— THE PROBLEM —
Images are not wanted; transcribe the rest of the listing exactly.

— INPUT DATA —
:::

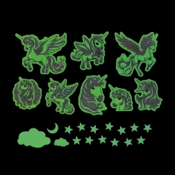 Créez une atmosphère féerique grâce à cette décoration autocollante à licornes. Le jour, elle séduit par ses couleurs joyeuses et, la nuit, elle phosphoresce délicatement pour aider les enfants à se sentir plus calmes et en sécurité.
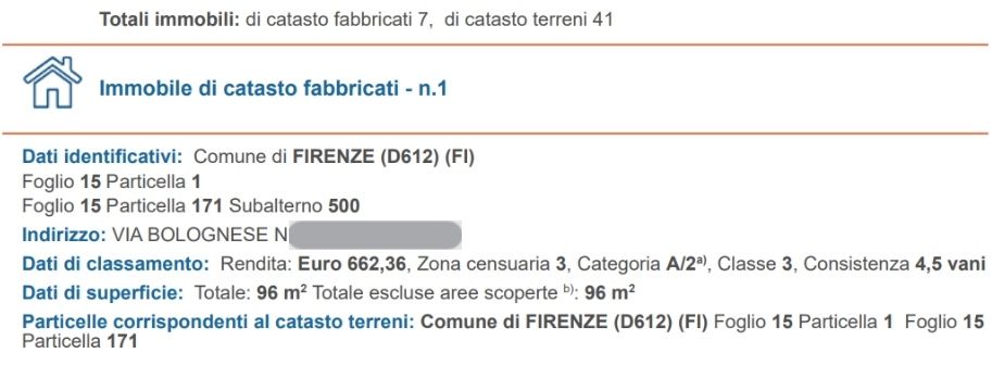 Строка Totali immobili означает общее количество недвижимости в выписке. В нашем случае лицу принадлежит 7 строений (fabbrica) и 41 участок (terreno), которые соответственно обозначаются знаками домика и дерева.
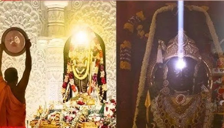 दोपहर ठीक 12 बजे सूर्य की स्वर्णिम किरणें चार मिनट तक रामलला के ललाट पर रहीं विराजमान

:::

— REPLY —
 Créez une atmosphère féerique grâce à cette décoration autocollante à licornes. Le jour, elle séduit par ses couleurs joyeuses et, la nuit, elle phosphoresce délicatement pour aider les enfants à se sentir plus calmes et en sécurité.
 Строка Totali immobili означает общее количество недвижимости в выписке. В нашем случае лицу принадлежит 7 строений (fabbrica) и 41 участок (terreno), которые соответственно обозначаются знаками домика и дерева.
 दोपहर ठीक 12 बजे सूर्य की स्वर्णिम किरणें चार मिनट तक रामलला के ललाट पर रहीं विराजमान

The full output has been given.